Testing VPN Connectivity

Test the 1NCE VPN Service with a 1NCE SIM Setup.

There are many ways how to test and verify the 1NCE VPN Service. The methods of test also depend on the kind of IoT device used with the 1NCE SIM. For prototyping setups a Raspberry PI with a cellular modem can be used. Testing ICMP PING requests is the easiest way to test the server-device connection. More encompassing testing can be done by establishing a TCP, UDP or SSH connection from the OpenVPN client endpoint towards a device.

Please note that for all connectivity tests terminating in a device with a 1NCE SIM, the device needs to be connected to the mobile cellular network and show the online status with a open, active PDP data session.

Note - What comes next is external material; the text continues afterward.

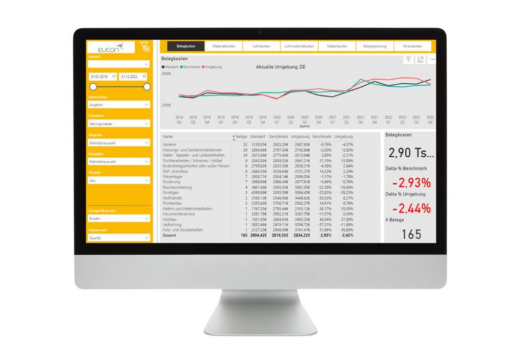 Mit Claims Data Intelligence stellt Eucon Versicherern ergänzende Markteinsichten zur Verfügung, mit deren Hilfe sie einen vollständigen Überblick über Preis- und Kostenentwicklungen im Schadenbereich erhalten. Dies befähigt ihre Experten, einfachere und bessere Entscheidungen auf Grundlage einer ständig aktualisierten Datenbasis zu treffen und wertvolle Potenziale zeitnah zu erkennen und zu nutzen.

This can be verified in through the CMP.

For the examples listed in this guide, the setup in the Figure below is used as reference setup.


Using simple ICMP PING is a fast way of testing a connection between a device and the VPN client server-side. On a server, this test can be done from most Command Line Interfaces. Tracing the traffic on the local VPN interface with the Wireshark tool can help to visualize the request and response traffic.

Mobile Originated

For testing the mobile originated connection, a mobile device with a 1NCE SIM can initiate a ICMP PING request towards the VPN client endpoint (10.65.x.1). A tool like Wireshark can be used to make the traffic on the VPN TUN interface visible. Please note that some server-side firewall configuration (e.g., Windows Firewall) might block incoming ICMP requests. Please disable or configure the firewall for testing. The blocked requests should still be visible in Wireshark on the TUN interface.

Mobile Terminated

Testing the mobile terminated traffic direction, ICMP PING requests need to be send from the VPN client over the TUN interface towards a active mobile device with a open PDP data session. Please note that the target IoT device needs to have the capability to respond to PING requests and the VPN client system needs to be able to receive the responses. Sending an ICMP PING request from the connected OpenVPN (10.65.x.1) client towards a connected 1NCE SIM device (e.g., 10.x.x.2) should trigger a response from the device. Ensure that the server-side routing and firewall are setup correctly to accept ICMP requests and direct the traffic to the VPN TUN interface.

Data Transfer

Dependent on the IoT device application or prototype setup, a connection/request originating from the application server (VPN client) can be established for testing. A simple setup with a Raspberry PI, a mobile modem with the 1NCE SIM and a locally running TCP server can serve as IoT device in this test case. From the VPN client (10.65.x.1) a TCP connection towards the Raspberry PI (e.g., 10.x.x.1) can be opened using a regular web browser of a tool like Postman.